Another thing to note is that these loans are beneficial in the short term but could have a higher monthly payout and interest cost over the loan duration.

VA loans

This financing option is meant for veterans, active military service members, and eligible surviving spouses of such service members. The VA backs these loans. In contrast to conventional home financing options, VA loans neither require a down payment nor mortgage insurance. That said, borrowers must pay an upfront funding fee, between 1.25% and 3.3% of the loan amount, to secure VA loans. 

USDA loans

These home loans are designed to help those with moderate to low incomes buy homes in defined rural areas. Such loans do not come with a down payment requirement; however, they do carry a guarantee fee—about 1% of the principal loan amount. Beyond this, borrowers must bear a 0.35% annual fee that can be rolled into the mortgage cost.

2. United Wholesale Mortgage loans

This lender offers moderate- and low-income borrowers conventional loans paired with an interest-free, payment-deferred loan that covers a 3% down payment on homes selling for up to $500,000.

3. Sunmark Credit Union loans

The credit union Sunmark also offers a no-down mortgage plan, financing 100% of the home purchase. So, first-time homebuyers do not need to set aside money for a down payment.

4. Gift funds

If one does not have enough money for a down payment, they can ask family members or friends to contribute to the home purchase via a gift fund, which can be in the form of cash or equity. The guidelines regarding gift funds vary depending on the loan product the homebuyer is pursuing. Regardless, the friend or family member here would offer to bear the 3% down payment. 

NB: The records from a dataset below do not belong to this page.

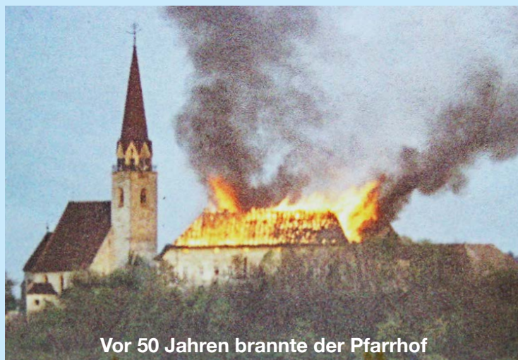
Vor 50 Jahren brannte der Pfarrhof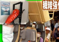
試乗! 1千万円の救命艇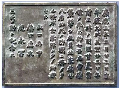
■东北烈士纪念馆展出的侵华日军为战死者建造的“忠灵塔”碑文铜牌。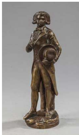
88 ANONYME « ÉLÉGANT AU CHAPEAU » Bronze à patine brune. Fonte d'édition ancienne non signée H. 18 cm, L. 5 cm, P. 4,5 cm € 120 - 150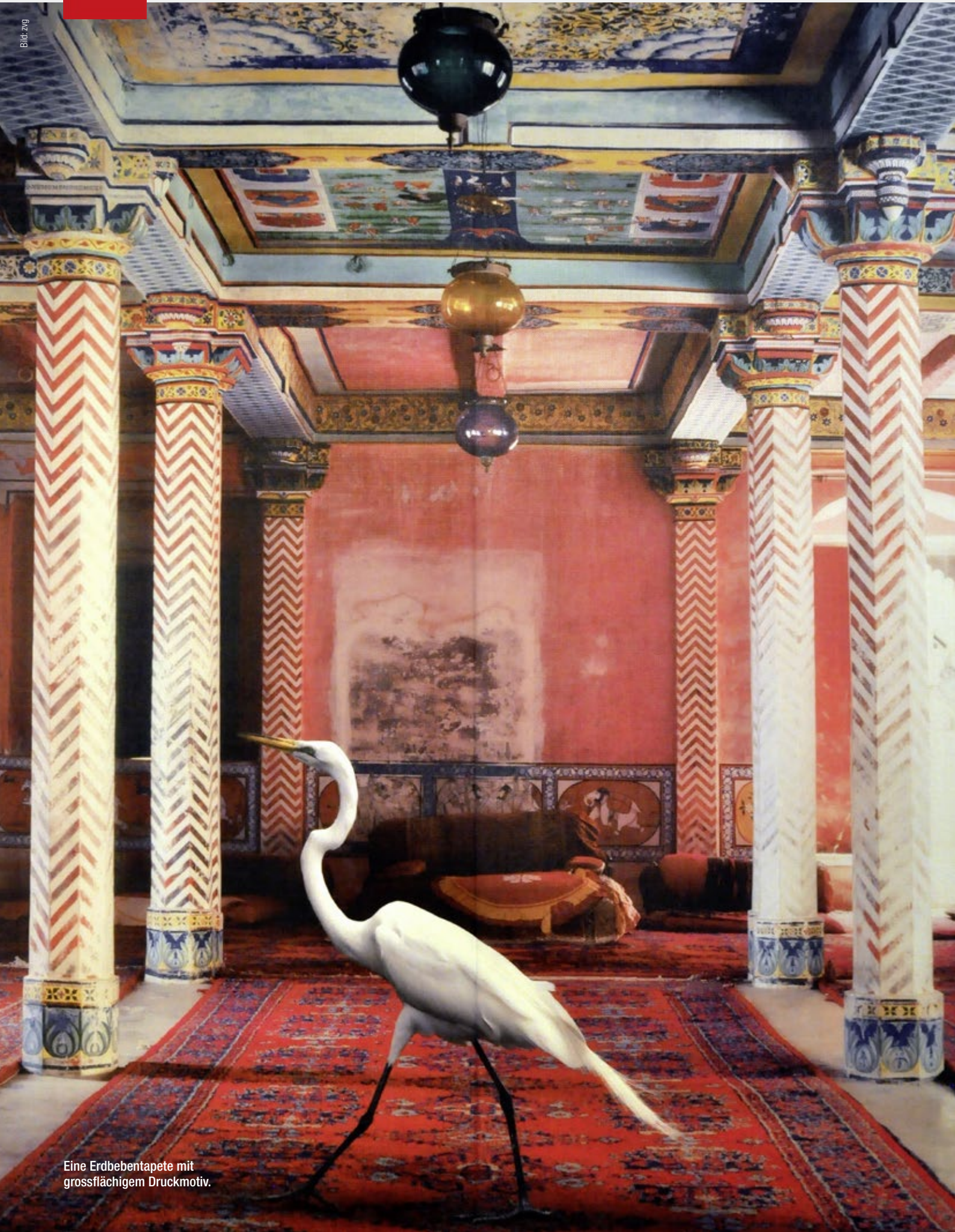
Eine Erdbebentapete mit grossflächigem Druckmotiv.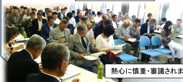
熱心に慎重・審議されました。

5. 3% conventional home loans

If one does not qualify for a no-down-payment home loan, they can opt for the next best option—a low-down-payment loan. One such option is 3% conventional loans, which, as the name suggests, requires borrowers to pay just 3% of the home’s purchase price as a down payment. For instance, certain government-sponsored enterprises, like Freddie Mac and Fannie Mae, back several such loan programs, including Home Possible, HomeReady, Conventional 97, and HomeOne.

6. FHA loans

These loans, offered by the Federal Housing Administration or FHA, come with a low down payment requirement. So, borrowers have to pay 3.5% of the home’s price as a down payment here. These loans have flexible loan terms for borrowers, even those with credit scores as low as 580. However, borrowers with a credit score between 500 and 579 may not be able to access the low down payment benefit and have to pay 10% of the home value as a down payment.

7. 1% down mortgage programs

Some lenders offer conventional mortgages with just a 1% down payment requirement. Here, borrowers can opt for the Conventional 1% Down program by United Wholesale Mortgage or the ONE+ program by Rocket Mortgage. Either way, the borrowers will be responsible for paying just 1% of the total requisite 3% down payment under these programs.

8. Good Neighbor Next Door

This program, backed by the Department of Housing and Urban Development (HUD), offers a discount of up to 50% to homebuyers, given that they are eligible public service professionals, such as firefighters, teachers, emergency technicians, and law enforcement officers. With this program, borrowers only have to make a down payment of $100.